Helmut Schmidt ist zu einem Brückenmenschen geworden. Einem der wenigen Alten, die mit ihrer Existenz eine Brücke in die Vergangenheit schlagen können und uns mit den Erfahrungen aus dieser Vergangenheit in die Zukunft führen. Er weiß, wie es war und wie es deshalb werden muss. Er fürchtet sich nicht. Nicht vor dem Weltuntergang und nicht vor dem Raucherbein. Und auch nicht davor, "endgültig die Adresse zu wechseln", wie er das nennt, was unvermeidlich ist. Wer so angstfrei ist wie er, darf andere schurigeln: "Viele Spitzenbanker haben allzu gut geschlafen." Nur wer wie er sich selbst an die Regeln des Anstands hielt, darf richten: "Inzwischen ist mein Vertrauen in die Klugheit von Bankvorständen leider einer erheblichen Skepsis gewichen." Und nur wer sich in seinen Urteilen und Richtmaßen absolut sicher ist, darf eine Kanzlerin so abwatschen: Er habe auf dem G-20-Krisengipfel neulich in Washington nur "eineinhalb wirkliche Kenner identifizieren können - einen ganzen Steinbrück und einen halben Sarkozy". Er hält auch mit seiner Einschätzung kaum hinter dem Berg, dass Peer Steinbrück der bessere Kanzlerkandidat der SPD gewesen wäre.

Knapp, Schmidt

Loki Schmidt, mit der er seit 66 Jahren verheiratet ist, hat übrigens auch ein Buch geschrieben, das mit dem ihres Mannes gleich an den Kassen der Buchhändler liegt.
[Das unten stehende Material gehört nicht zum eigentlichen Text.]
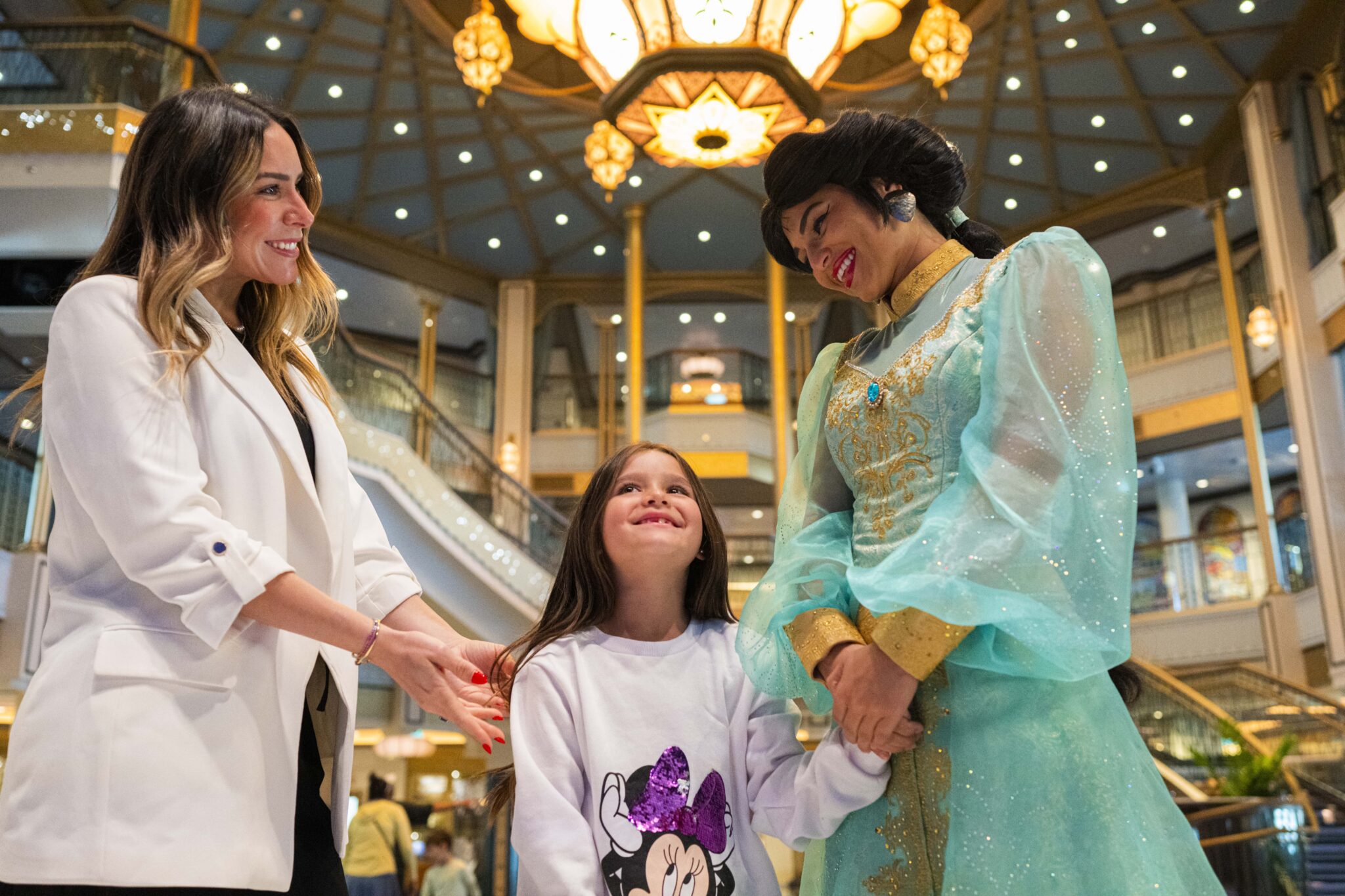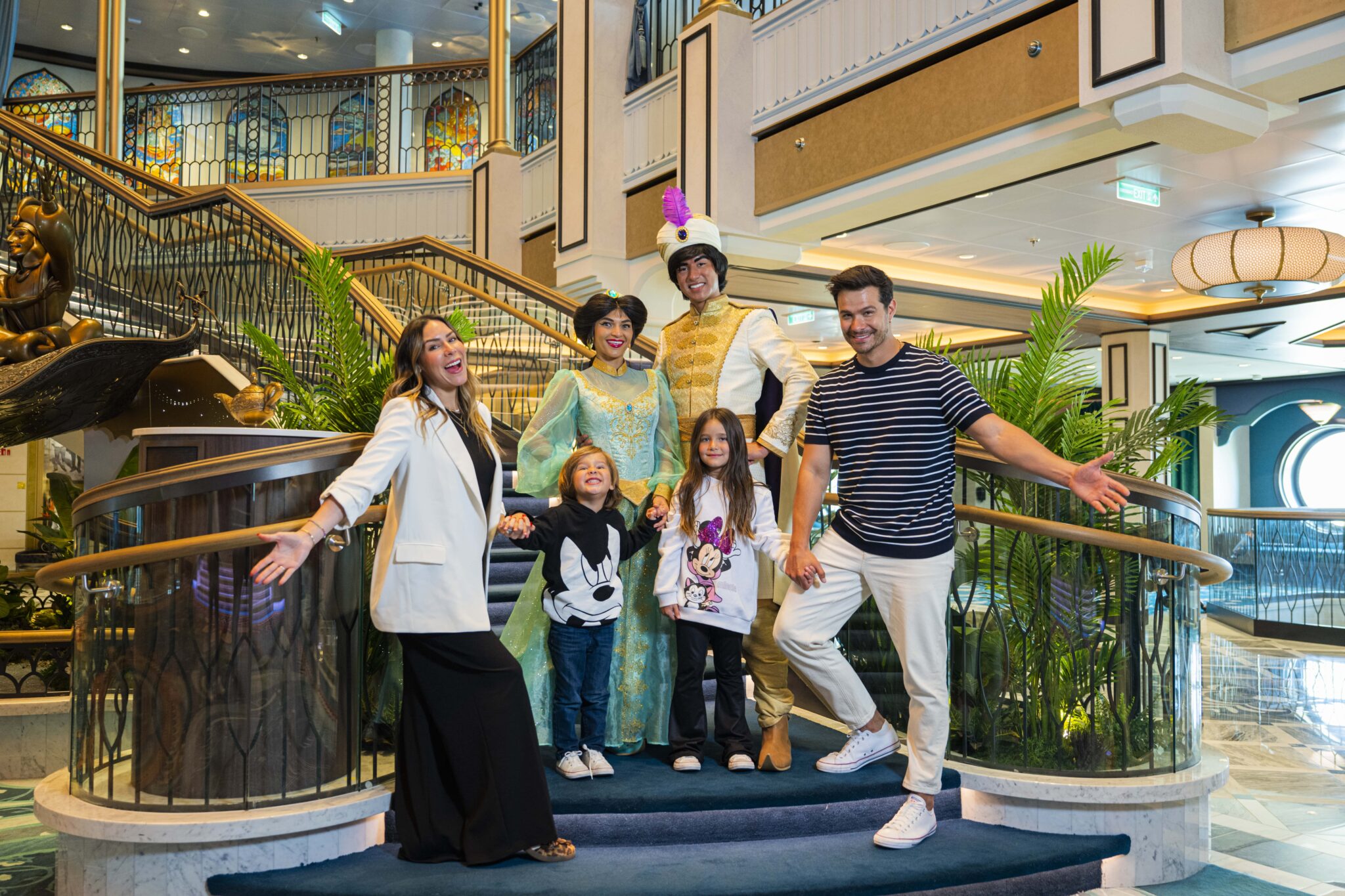 Con la emoción de la llegada de un nuevo bebé en camino, la familia aprovechó esta escapada para disfrutar de unos días llenos de sorpresas y emociones. Desde su llegada al Grand Hall, inspirado en la ciudad de Agrabah, fueron recibidos por Aladdín y la princesa Jasmine, quienes les dieron la bienvenida a una experiencia donde la magia de Disney se respira a cada paso.

Sie steht auf Platz fünf der Verkaufslisten. Kann ja noch besser werden. Auf die Frage eines Moderators, wie man es eigentlich hinkriegt, so lange miteinander verheiratet zu bleiben, antwortete Loki einmal mit entwaffnender Offenheit: "Getrennte Schlafzimmer!" Aber auch Schmidt selbst verblüfft uns mit Eingeständnissen. Mit dienstlichen und mit privaten. Dass er als Kanzler viele Fehler gemacht habe, gesteht er heute, dass er einst mit der Schauspiel-Fürstin Grace Kelly Walzer tanzte. Dass er bei Marlene Dietrichs Lied "Sag mir, wo die Blumen sind" innerlich erschüttert war, dass er gern Schweinssülze mit Bratkartoffeln isst. Er erzählt, warum er sich mit zehn Jahren bereits mit seiner späteren Frau anfreundete: "Sie hatte etwas zu bieten, sie war intelligent und neugierig." Reduzierter kann man eine Liebeserklärung nicht machen. Klar, knapp, Schmidt. Neuerdings schätzen wir das.